• **What you need to do**:
Each line below from the "今日のイベントでは、こどもた" line through the "Girls Solid Color" line, those two included, must be restated word for word; the pictures must not be.

┌─ Task input

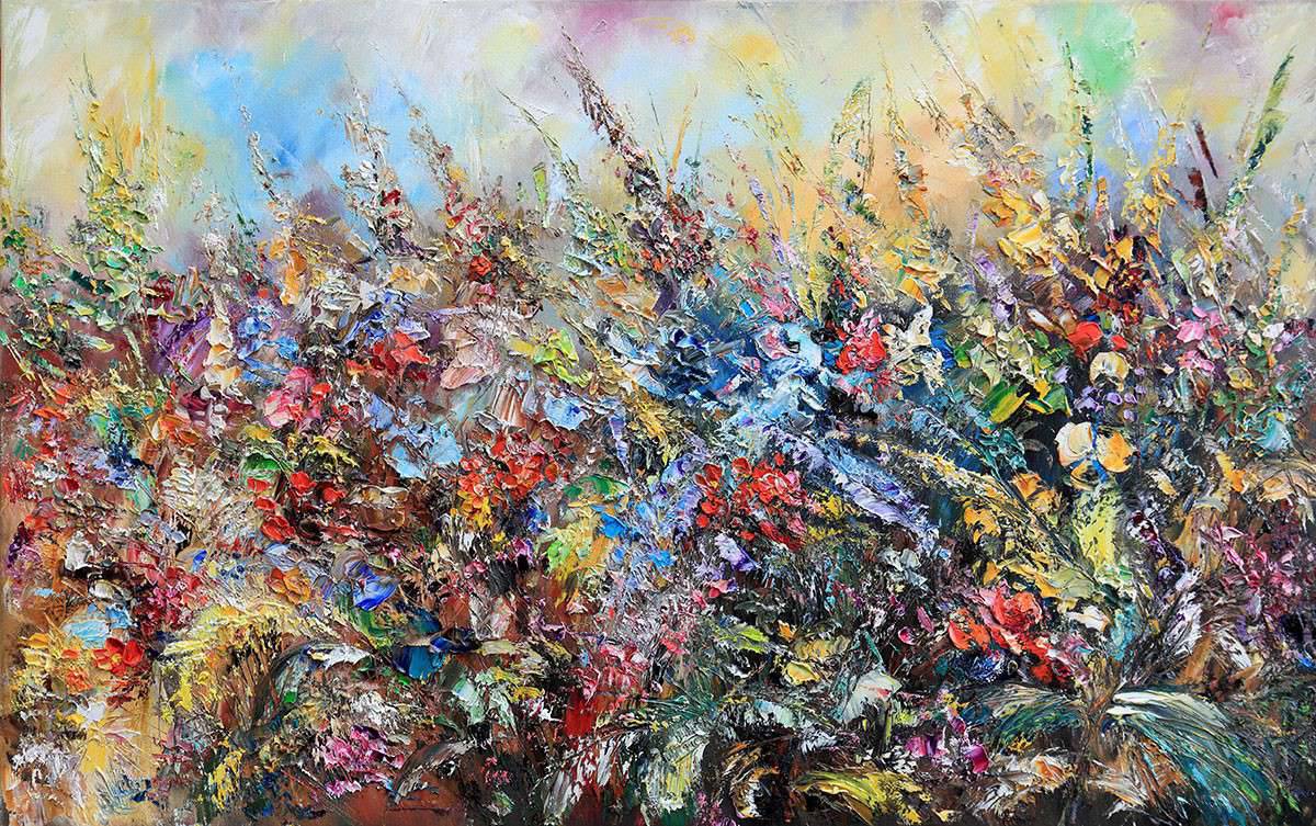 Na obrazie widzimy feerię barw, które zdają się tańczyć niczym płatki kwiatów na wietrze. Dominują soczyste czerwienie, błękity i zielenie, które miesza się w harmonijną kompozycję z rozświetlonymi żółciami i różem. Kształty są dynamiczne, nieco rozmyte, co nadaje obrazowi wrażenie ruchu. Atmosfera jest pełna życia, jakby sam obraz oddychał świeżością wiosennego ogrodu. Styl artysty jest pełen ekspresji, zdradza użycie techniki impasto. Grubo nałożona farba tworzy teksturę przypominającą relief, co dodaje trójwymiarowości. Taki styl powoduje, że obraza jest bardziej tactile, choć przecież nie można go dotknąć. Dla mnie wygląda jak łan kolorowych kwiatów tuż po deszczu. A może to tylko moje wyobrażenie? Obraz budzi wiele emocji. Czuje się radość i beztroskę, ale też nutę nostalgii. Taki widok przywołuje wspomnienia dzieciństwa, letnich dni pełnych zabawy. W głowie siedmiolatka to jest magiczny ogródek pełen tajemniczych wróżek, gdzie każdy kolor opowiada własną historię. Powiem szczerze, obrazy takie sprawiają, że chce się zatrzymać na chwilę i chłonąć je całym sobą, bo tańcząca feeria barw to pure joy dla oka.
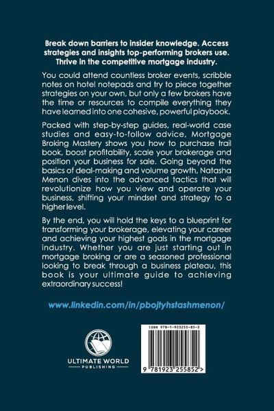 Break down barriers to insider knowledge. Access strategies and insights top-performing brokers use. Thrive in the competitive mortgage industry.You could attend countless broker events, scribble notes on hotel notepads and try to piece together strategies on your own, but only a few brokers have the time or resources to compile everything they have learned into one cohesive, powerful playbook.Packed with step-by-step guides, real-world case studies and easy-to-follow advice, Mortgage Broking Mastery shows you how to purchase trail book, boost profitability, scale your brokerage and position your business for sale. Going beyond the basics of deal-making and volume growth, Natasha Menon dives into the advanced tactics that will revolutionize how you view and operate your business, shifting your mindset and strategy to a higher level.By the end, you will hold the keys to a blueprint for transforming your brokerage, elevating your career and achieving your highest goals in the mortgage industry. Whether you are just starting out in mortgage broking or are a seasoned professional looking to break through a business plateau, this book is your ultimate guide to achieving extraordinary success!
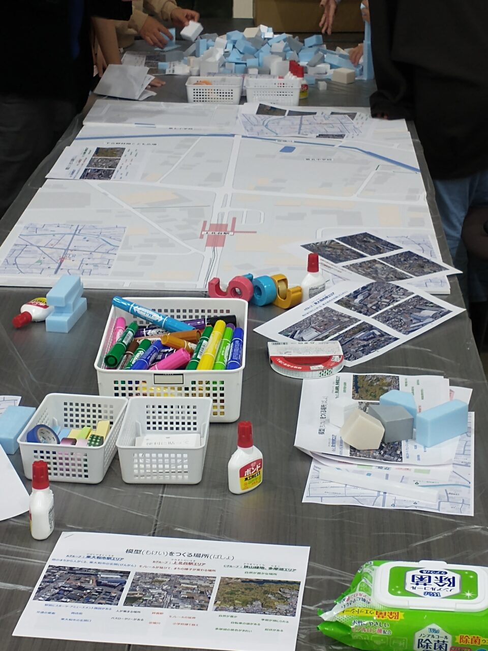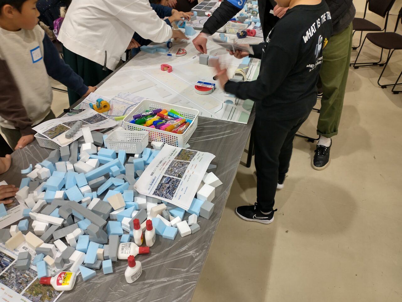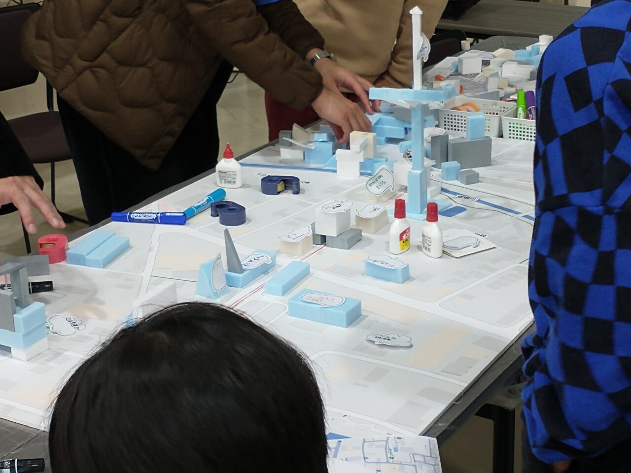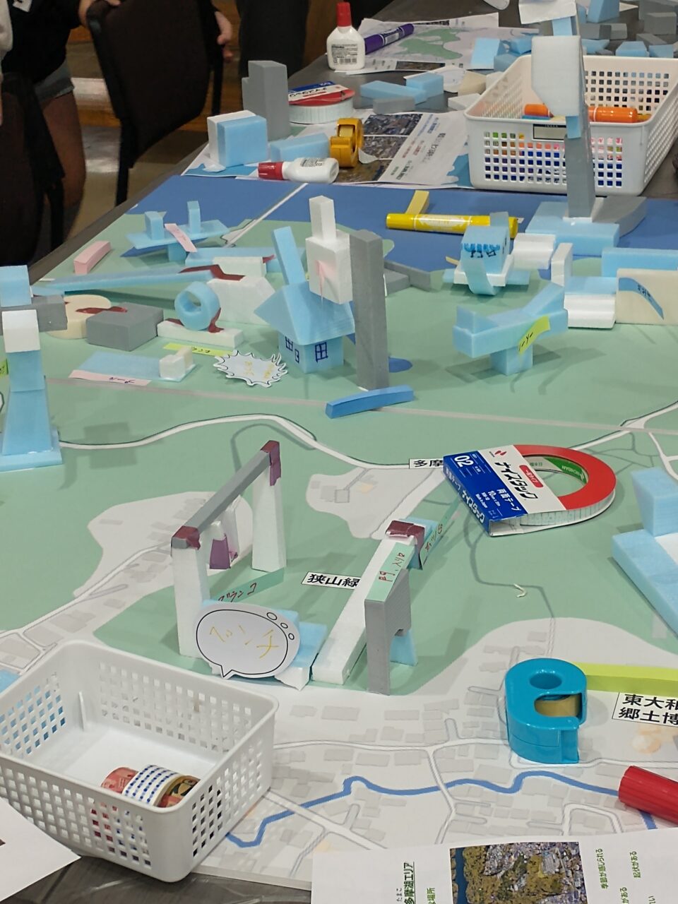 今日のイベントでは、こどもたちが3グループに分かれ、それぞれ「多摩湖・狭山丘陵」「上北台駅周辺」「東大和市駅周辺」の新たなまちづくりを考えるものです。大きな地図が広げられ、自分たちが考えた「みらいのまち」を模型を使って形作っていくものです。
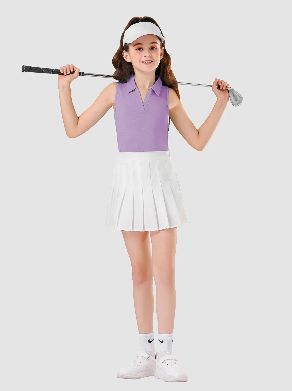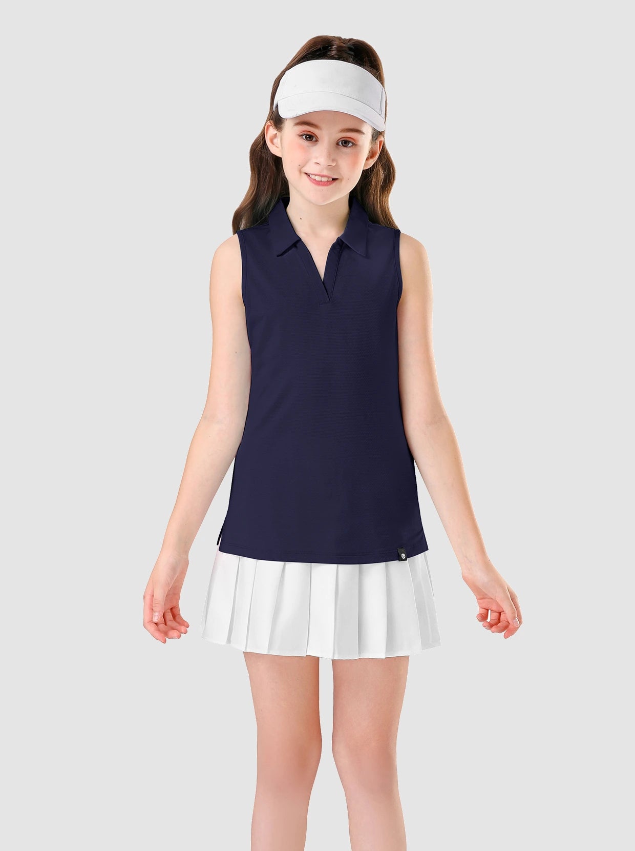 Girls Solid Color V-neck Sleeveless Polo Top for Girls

└─
┌─ Task input

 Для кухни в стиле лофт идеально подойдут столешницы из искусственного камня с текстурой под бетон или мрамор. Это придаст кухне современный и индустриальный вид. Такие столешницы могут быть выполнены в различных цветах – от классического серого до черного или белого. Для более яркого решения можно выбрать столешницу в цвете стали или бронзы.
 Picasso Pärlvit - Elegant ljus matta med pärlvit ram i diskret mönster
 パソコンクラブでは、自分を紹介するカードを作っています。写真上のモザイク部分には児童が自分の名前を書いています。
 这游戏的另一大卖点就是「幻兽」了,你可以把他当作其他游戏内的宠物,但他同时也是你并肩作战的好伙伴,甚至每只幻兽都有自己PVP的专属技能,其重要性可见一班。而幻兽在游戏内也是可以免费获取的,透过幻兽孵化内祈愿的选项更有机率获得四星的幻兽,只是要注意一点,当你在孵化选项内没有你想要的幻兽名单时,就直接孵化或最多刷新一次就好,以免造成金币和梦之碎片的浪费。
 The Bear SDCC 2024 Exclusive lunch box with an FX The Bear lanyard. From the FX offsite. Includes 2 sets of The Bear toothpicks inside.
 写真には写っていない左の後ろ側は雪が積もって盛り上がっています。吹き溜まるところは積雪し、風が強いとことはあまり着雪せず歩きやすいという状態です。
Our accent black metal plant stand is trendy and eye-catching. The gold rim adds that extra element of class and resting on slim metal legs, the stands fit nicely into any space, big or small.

└─
┌─ Task input

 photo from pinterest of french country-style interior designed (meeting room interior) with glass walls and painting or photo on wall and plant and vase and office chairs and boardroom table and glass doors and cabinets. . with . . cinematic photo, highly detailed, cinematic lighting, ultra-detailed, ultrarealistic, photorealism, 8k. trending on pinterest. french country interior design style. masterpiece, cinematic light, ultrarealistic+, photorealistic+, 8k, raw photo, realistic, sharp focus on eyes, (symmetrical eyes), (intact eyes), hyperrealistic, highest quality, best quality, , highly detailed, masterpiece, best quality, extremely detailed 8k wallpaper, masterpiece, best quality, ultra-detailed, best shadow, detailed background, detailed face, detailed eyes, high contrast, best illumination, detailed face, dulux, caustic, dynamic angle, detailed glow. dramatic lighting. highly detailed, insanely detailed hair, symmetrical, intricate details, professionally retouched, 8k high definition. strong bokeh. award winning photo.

└─

• **Expected output**:
 今日のイベントでは、こどもたちが3グループに分かれ、それぞれ「多摩湖・狭山丘陵」「上北台駅周辺」「東大和市駅周辺」の新たなまちづくりを考えるものです。大きな地図が広げられ、自分たちが考えた「みらいのまち」を模型を使って形作っていくものです。
 Girls Solid Color V-neck Sleeveless Polo Top for Girls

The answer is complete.